While I disagree with this approach - I do believe that each platform has limitations and capacities that shape and contour the ideologies and meanings of texts - there is great value in Miller's correction. He explores how a portfolio of media options are deployed. Of particular value is the analysis of Facebook and Instagram by young users in an 'English village,' but also how social media is deployed by patients in hospice care.

From this short book, many influential studies will emerge. I look forward to reading all 11 titles in this series.
Profile Image for Lisa.
280 reviews11 followers
October 16, 2016
Ok, maybe I'm a bit of a geek, but I read a lot of study reports for grad school, and this is the best one I've read. It was well written, engaging, and very interesting.

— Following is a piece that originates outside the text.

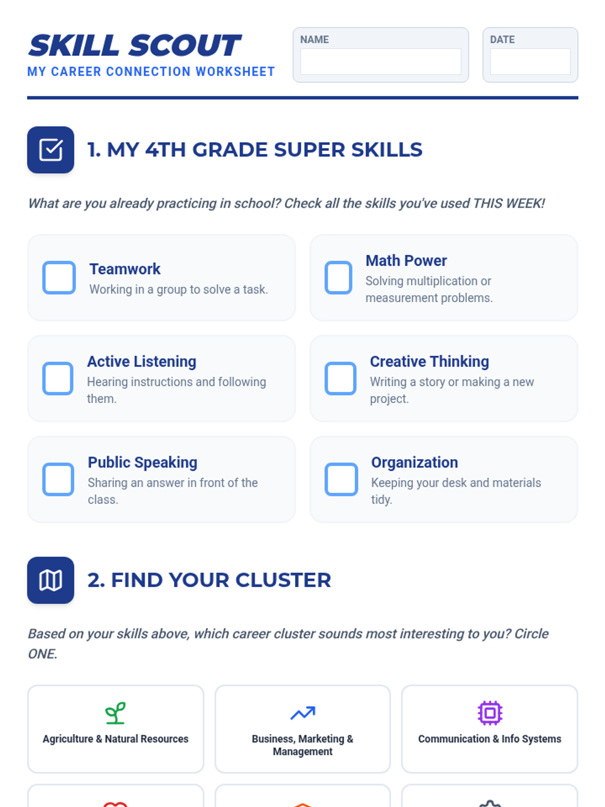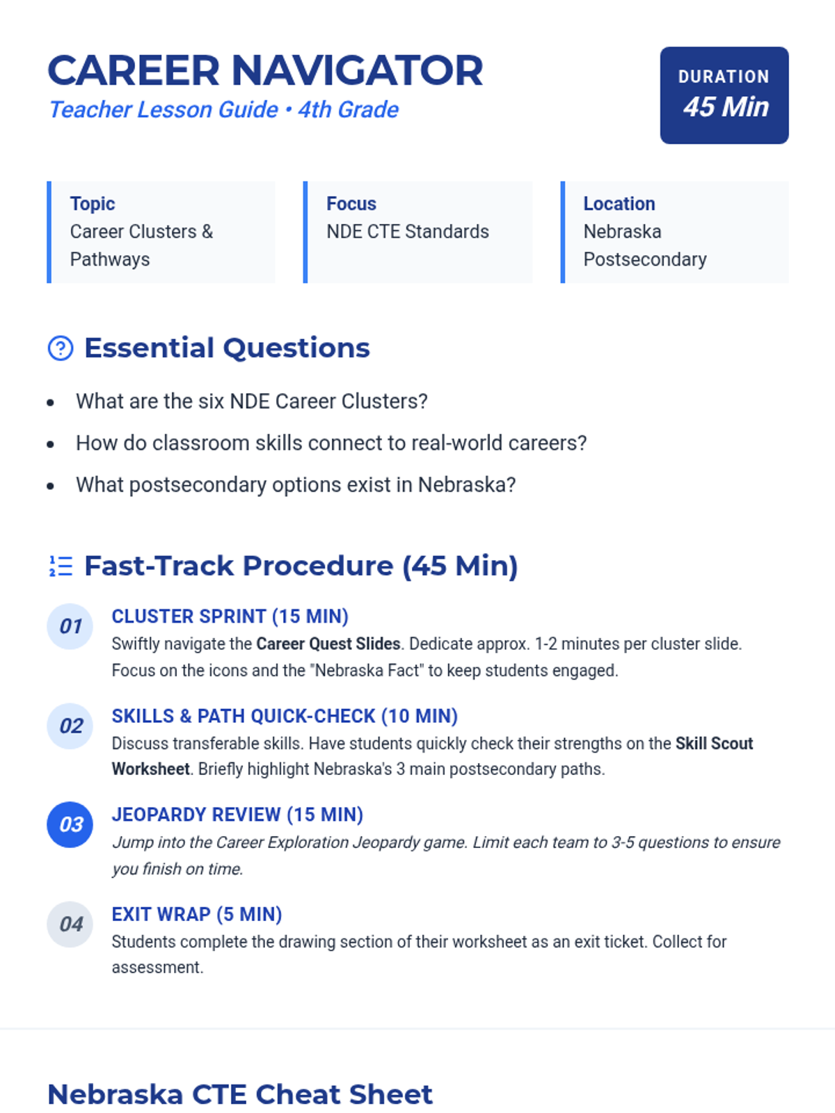 A comprehensive 4th-grade career exploration lesson focusing on Nebraska's CTE career clusters, transferable skills, and postsecondary pathways within the state. Students connect their current classroom learning to future professional opportunities through interactive discussion and a concluding Jeopardy game.

It's actually part of a group of studies, and I would really like to read a couple of the others and the wrap up one.
Profile Image for Katie Parnell.
6 reviews
October 5, 2025
I spend a lot of time on social media. And I’ve read a lot of anthropology books. And a lot of ethnography. And this would be more aptly named ‘too many prepositional phrases used by anthropologists to generalize their opinions’. I can only pray that my professors don’t find my Goodreads account because they wrote this book and I’m going to see them tomorrow and every Monday for the next few months.

TLDR: there are a few anthropological conclusions that still stand, and some general cultural observations that I think hold water. But most of the ethnographic conclusions are just outdated at best and speculative at worst. Not bad as far as trying to do an ethnography on an extremely private population as an outsider goes, but could be better.

But anyway!!
This book was probably revolutionary in 2016 but in the last decade has since lost its novelty and its anthropological conclusions of ‘Englishness as expressed by and through various social media platforms can be concisely concluded into “the Goldilocks strategy” is the English People™️’s way of coping with people they don’t actually like invading their carefully constructed castles of confidence’, having been revealed by the ubiquity of social media, is are only pretty decent.

The main hurdle the researchers found was that, in an English fashion, people did not want them following them on social media ‘for research’ just as much as they did not want them in their homes. Which like, I can’t blame either side about that. The researchers, to their credit, did their best to supplement the gap in their ethnography with polls and interviews, but there were still significant gaps in the research in regards to schoolchildren’s usage (obviously an ethical immovable object) and young-ish men. A lot of the evidence provided concerned elderly people (evenly across gender lines), and mothers. Which, multiple times throughout the book, there were anecdotes only referring to women as ‘young mothers’ but men were never referred to as ‘fathers’ in regards to their social media usage, which if fathers didn’t have any mentions of their children on their social media, wouldn’t that be an interesting anthropological point? Call me nitpicky I just couldn’t get over this gender gap throughout the book.

They even admitted that the ‘Englishness’ of the villager’s social media usage was better illustrated by comparison to other place’s ethnographic evidence of social media usage!!! Which I think just says that this book could’ve been an email and I hope that the other books in this collection (which I’ve heard are very good) are a more concise and well-rounded ethnographic study.
Profile Image for Ellen.
Author 4 books26 followers
October 28, 2017
This is part of an series of books using ethnography to explore social media use and attitudes towards it in different communities around the world. It very interesting both for the descriptions of ethnographic practices and the specific results in each location. The results are different in each place.

This volume showed interesting examples of how different people and organisations in the community were using social media. One of the most interesting areas was the use by people with terminal illnesses as part of their experiences of dying.

This was a very interesting book to read.